To call it a “new” interpretation is a bit of a stretch. The individual requesting the legal interpretation essentially asked if the aircraft designated as the air carrier’s “exclusive use” aircraft could be used by the aircraft owner, who happens to be a pilot, or another appropriately rated pilot approved by the certificate holder to conduct Part 91 flights on occasion. The FAA determined this scenario does not fit with the exclusive use requirements of §135.25(b), which requires the certificate holder to maintain possession and control of the aircraft. Note that §135.25(b) allows the certificate holder and only the certificate holder to use the aircraft for “other than operations under this part,” which includes Part 91.
A 2012 legal interpretation to Francis DeJoseph (June 25, 2012) asked for clarification on another exclusive use issue, asking whether an aircraft that is being used by two different Part 135 certificate holders can satisfy the exclusive use requirement of §135.25(b). The FAA determined then that any aircraft being used by two different Part 135 operators cannot be used by either or both air carriers to satisfy the exclusive use requirement.
These interpretations are in line with previous FAA decisions. In 1990 the FAA said the term “exclusive use” means the “sole possession, control, and use of the ‘exclusive use’ aircraft.” (Not to be confused with the IRS term of “possession, command, and control” which is used to determine which tax structure applies. No need for federal agencies to be consistent. It’s more interesting this way.) The FAA determined the scenario presented in this inquiry would remove the possession and control of the exclusive use aircraft from the certificate holder and hand it over to the aircraft owner.

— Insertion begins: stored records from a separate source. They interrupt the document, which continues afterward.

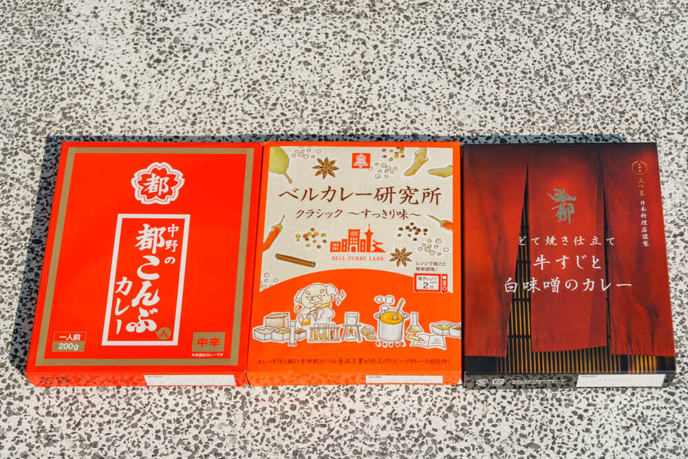 ということで、3種類買ってみました。見た感じそんなにへこんでるとかなく、普通にスーパーとかに売っているようなレトルトカレーと遜色ない感じ。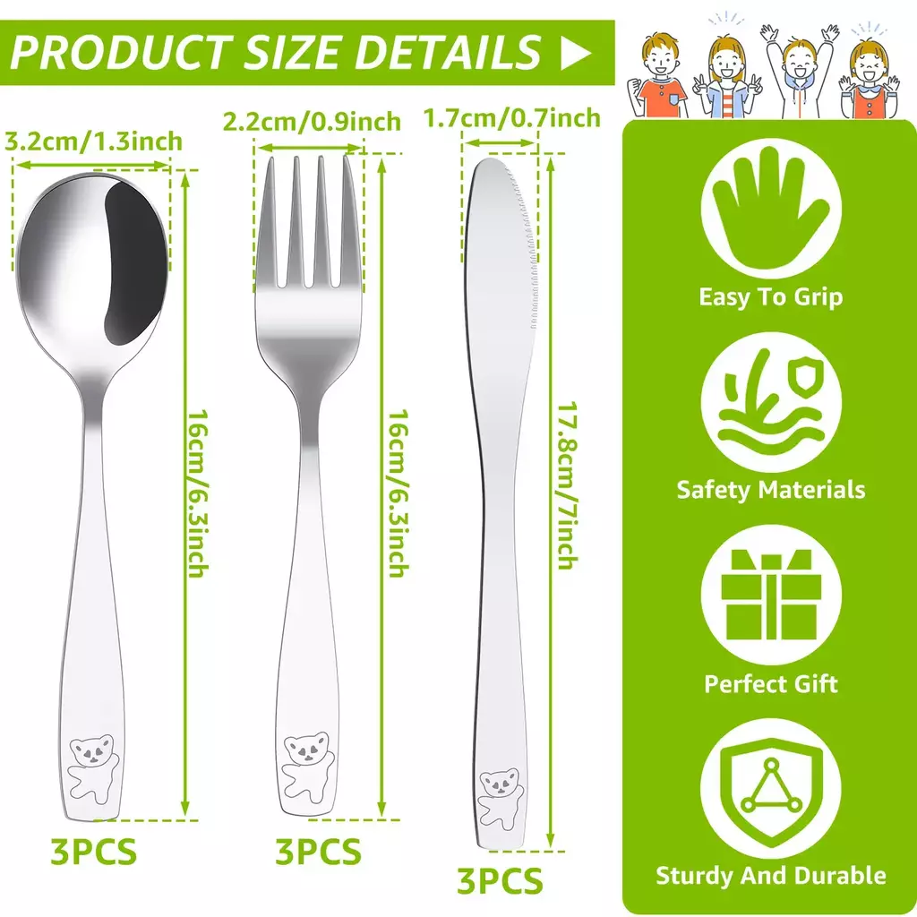 [?Informações de tamanho]O garfo mede 5,5 x 1,3 polegadas, as colheres medem 5,7 x 1 polegadas e o cortador de jantar mede 6,7 x 0,75 polegadas, que cabe na boca e nos dedos pequenos do seu filho, fácil de segurar e seguro de usar.É adequado para bebês, pré-escolares, crianças em idade escolar e adolescentes.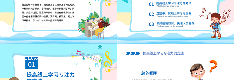 目錄CONTENTS010203提高線上學(xué)習(xí)專注力的方法What is the new pneumonia這些事,比線上學(xué)習(xí)更重要Epidemic prevention and control work做好疫情教育,關(guān)注人類生存The latest trends of the outbreak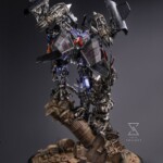 The design of the base is inspired by the pyramid seen in the final battle during the second Transformers movie. The collapsed stone pillars and pyramid walls of the base highlight the chaos create through Optimus Prime and Megatron’s feud, but also creates an overall sense of space and gives a further realistic aesthetic to the statue. Megatron has a total of 4 LEDs installed, two red eyes, a light blue LED underneath a pair of vents on the back, and a single light blue LED in his hand muzzle; Optimus Prime has one set of light blue LEDs in his eyes.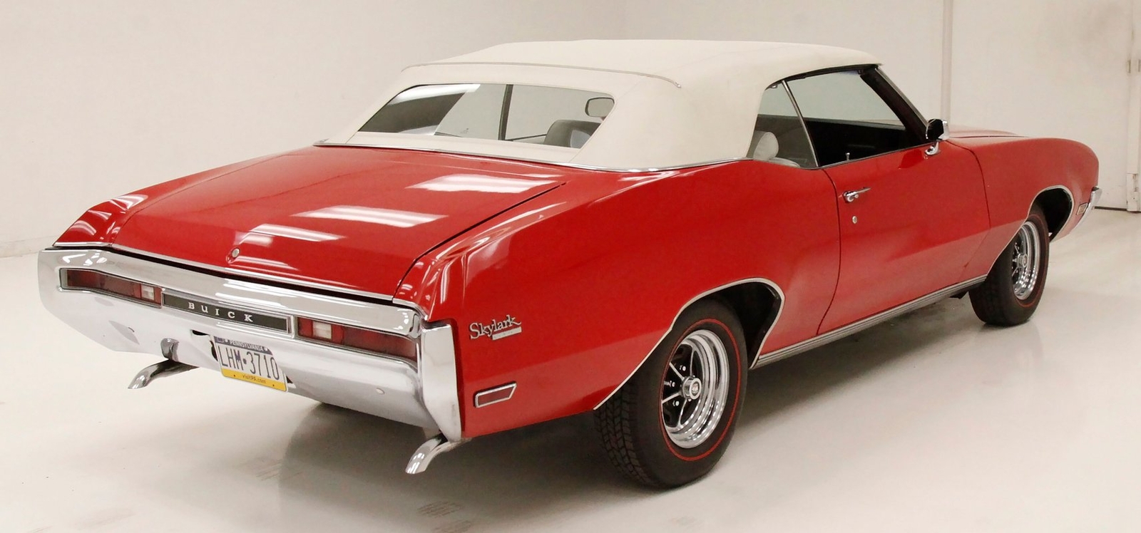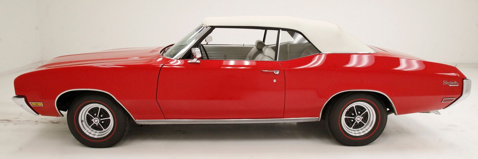 For consignment, an early 70's hunk of Detroit iron in the form of a 1970 Buick Skylark Custom convertible. Taking a cue from the Olds 442's, Chevelles and Buick GS of this time, this car has a very similar body styling. Our version of the Skylark was the beneficiary of a full restoration in 2013, has 47,191 title verified actual miles, and sports a new interior, a new top, new roof seals and new top hydraulics. It's a 350/350 version, bathed in brilliant red and presents very nicely with no rust, a miles deep finish and blinding mirror-like chrome.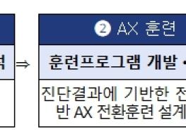 ② 2단계(훈련): 대표이사(CEO) 대상의 인사이트 교육(일반AX)과 실무자 중심의 문제해결형 교육(전문AX)을 병행한다. 실무 훈련은 최소 18시간 이상의 실습 위주로 구성된다.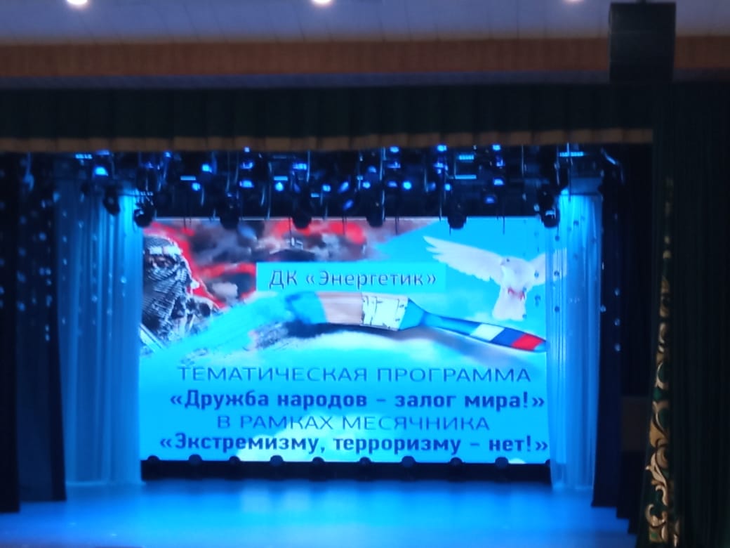 "Экстремизмга-юк!" айлыгы кысаларында шәһәрнең "Энергетик"мәдәният йортында "Халыклар дуслыгы- тынычлык нигезе" дигән тематик программа буенча чара узды. Гимназиянең 8а сыйныф укучылары ( сыйныф җитәкчесе Заһитова Зөлфия Мөхәммәтнур кызы) әлеге чарада катнаштылар. Без илләр, халыклар дус булуын, кеше гомеренең вакытсыз өзелмәвен, күз яшьләренең түгелмәвен телибез.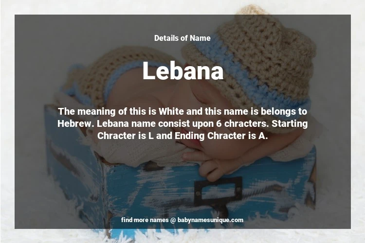 The name Lebana is chosen by those who are willing to find Unique Transgenders Baby Names. The meaning of this is White and this name is belongs to Hebrew Origin. Baby Name Lebana consist upon 6 chracters. Starting alphabet is L and ending alphabet is A. This name is used primarily by parents who are considering unique baby names for Transgenders. The Zodiac Sign suitbale for this name are;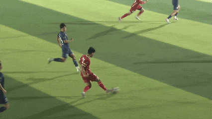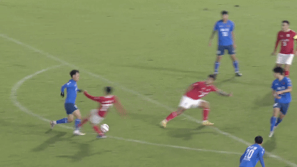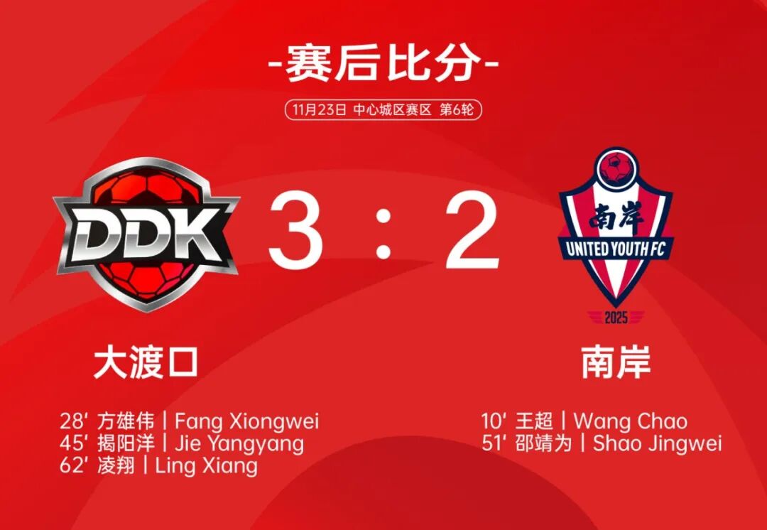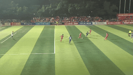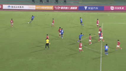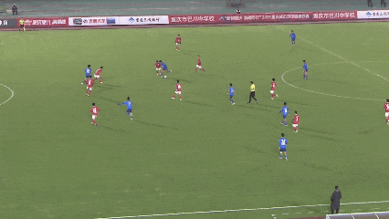 第45分钟,5号球衣揭阳洋弧顶推射,门将扑球脱手,大渡口反超比分。

The letter of interpretation said, “To allow any other person or entity to use the aircraft would render the definition of ‘exclusive use’ in §135.25(c) meaningless.”
Based on the regulations and previous interpretations, the Williams interpretation shouldn’t really be a surprise. So why is this new letter of interpretation even worthy of this short blog post? Our industry’s desire to rehash this question every year or two tells me one of two things is happening: Either some operators are still screwing up the exclusive use requirements of §135.25(b) OR some operators out there are considering implementing “new” and creative means in an attempt to meet the exclusive use requirements. The exclusive use requirement can be a real hassle for most Part 135 certificate holders that do not own an aircraft and have to use a managed aircraft to satisfy exclusive use requirements. In general, it seems if you have to ask the FAA the question the answer will be “no”. At this point, I think the FAA has addressed every possible reasonable nuance of exclusive use but I anxiously await the next request for interpretation on this issue, because it’s bound to be the Fantasia of interpretation requests – at the same time strange, imaginative, ahead of its time… And definitely entertaining.

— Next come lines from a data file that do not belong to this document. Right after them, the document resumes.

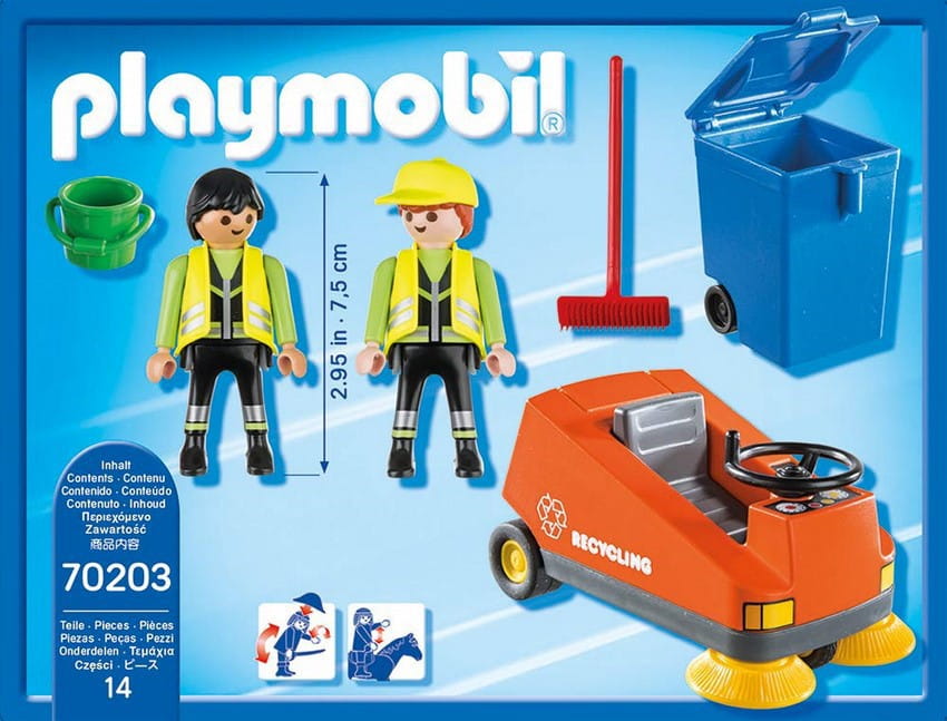 Porządek musi być! Zajęty sprzątaniem ulic PLAYMOBIL® za pomocą zamiatarki zapewnia czystość na drodze. Powoli kierowca prowadzi zamiatarkę po drodze, aby wszystko było czyste. Dzisiaj praca jest łatwa, ponieważ krótko przedtem byli tam koledzy ze śmieci i już je wywieźli. Zawsze może być tak łatwo.
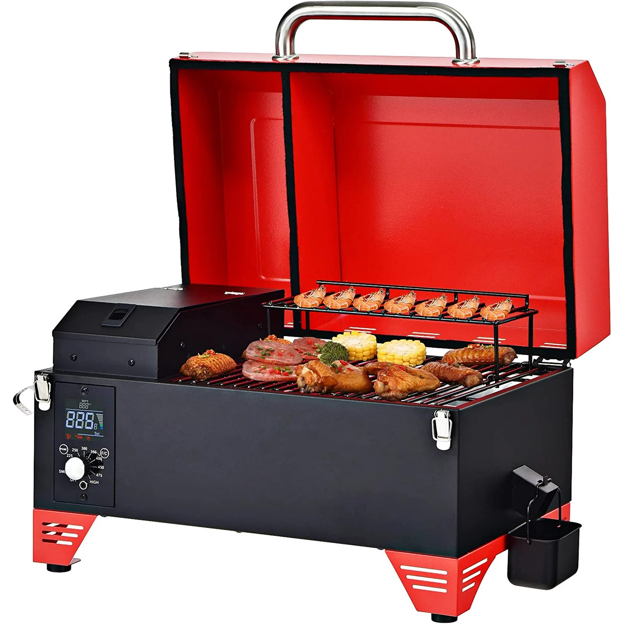 Portable Pellet Grill and Smoker, 8 in 1 Tabletop Pellet Grill, 256 sq.in Cooking Area Temperature 180°F to 500°F, Outdoor Wood Pellet Smoker for BBQ Camping Tailgating RV Cooking (Red)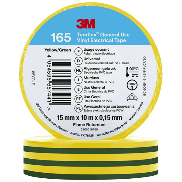 3M™ Temflex™ Vinyl insulating tape 165 is a 0.15 mm thick professional PVC insulating tape, suitable for indoor and outdoor use. Use 3M™ Temflex™ 165 vinyl insulating tape for primary insulation, repair and bundling of cables and cables (low voltage). This professional adhesive tape offers improved performance and is suitable for indoor and outdoor use.

Incidentally, have we as an industry come to terms with the “for at least 6 consecutive months” of §135.25(c)? It has been argued (incorrectly and ineffectively) that this is a certification requirement. That is, the certificate holder must have exclusive use of an aircraft for the first 6 consecutive months of certification but not on a continual basis after that. Clearly that’s not the FAA’s intent. The exclusive use requirement is an ongoing requirement with the intent of preventing a certificate holder from having a certificate but not having the use of any aircraft.
There are many nuances to the exclusive use requirement. It’s unlikely anyone will identify a wildly creative way around this requirement but if you try, make it good. I’m waiting for the next verse!